Coming to the acquisition of skills, there are no certifiable skills/competencies allotted to Community Medicine, even though there is a lot of scope to do so. The certifiable skills need not be restricted to the ones taught and assessed at the skills labs. Skills like counselling, anthropometry, preparation of Oral Rehydration Solution, health education at small groups, applying statistical measures/tests, use of computers in data interpretation could have been incorporated.

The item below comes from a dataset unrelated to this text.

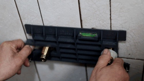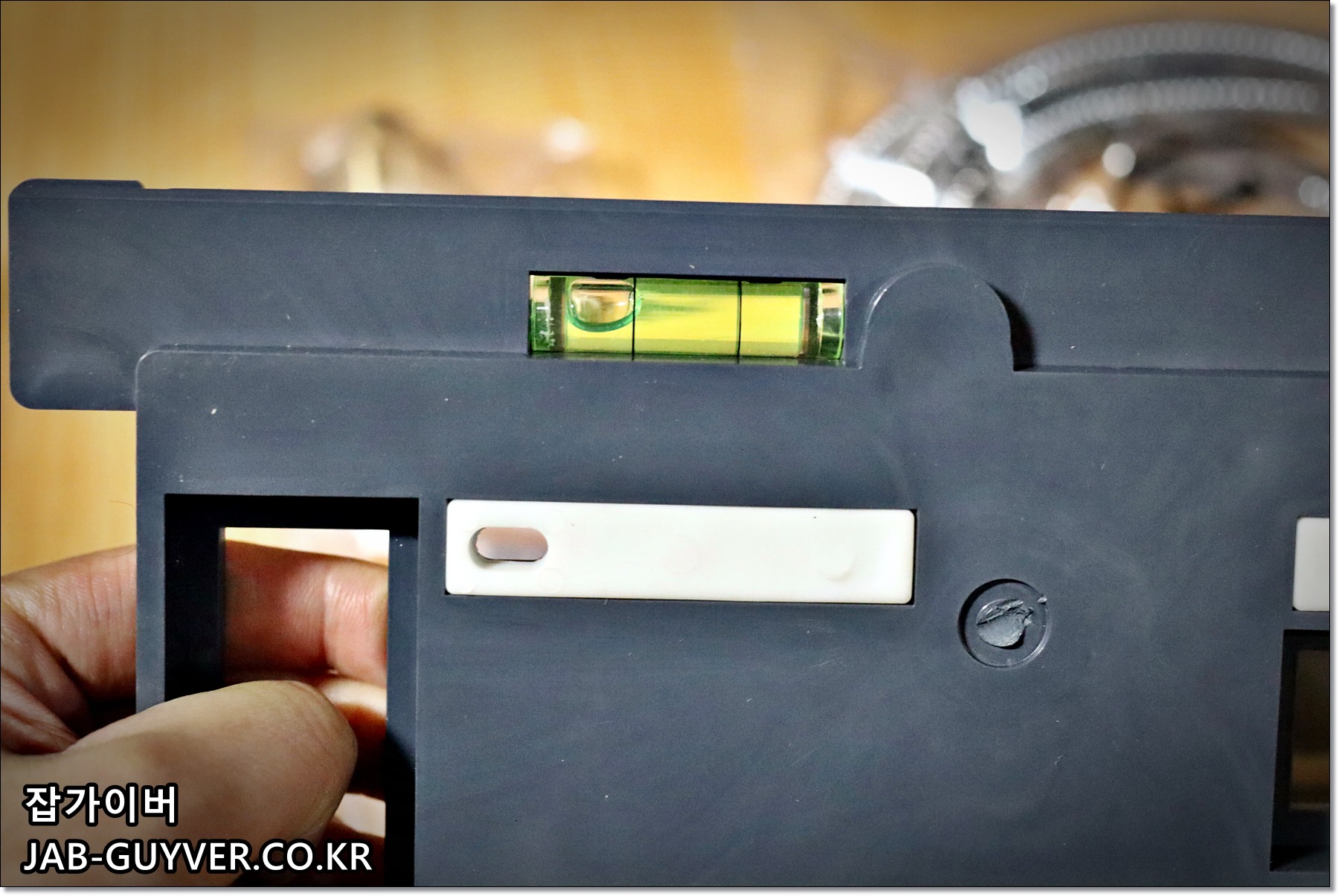 이후 플레이트를 넣어 왼쪽은 가로방향 오른쪽은 세로방향으로 움직여 수평을 맞춰준 뒤 브라켓으로 고정시켜줍니다.

There is also a need to have a closer attention towards assessment part in the curriculum. GMER 2018 mentions that, there should be one internal assessment at the end of each term of MBBS in subjects which are taught for more than one academic year. As Community Medicine is taught across six terms, we need to conduct six internal assessment examinations. How much weightage must be given for assessment at each term of MBBS and which method of assessment must be adapted? time constraints associated with tests are another important set of questions which need serious attention. One ray of hope is that this curriculum document is a fluid one and will undergo changes over years based on the feedback and experiences shared by us to the medical council.

Now the time has come to go in a more collaborative way by intellectual contributions, mutual hand holding, sharing of best practices across the medical colleges in order to effectively implement of this curriculum. Designing uniform set of learning objectives, planning similar teaching-learning strategies, developing meaningful assessment methods across the medical schools through participatory learning is the more meaningful option ahead.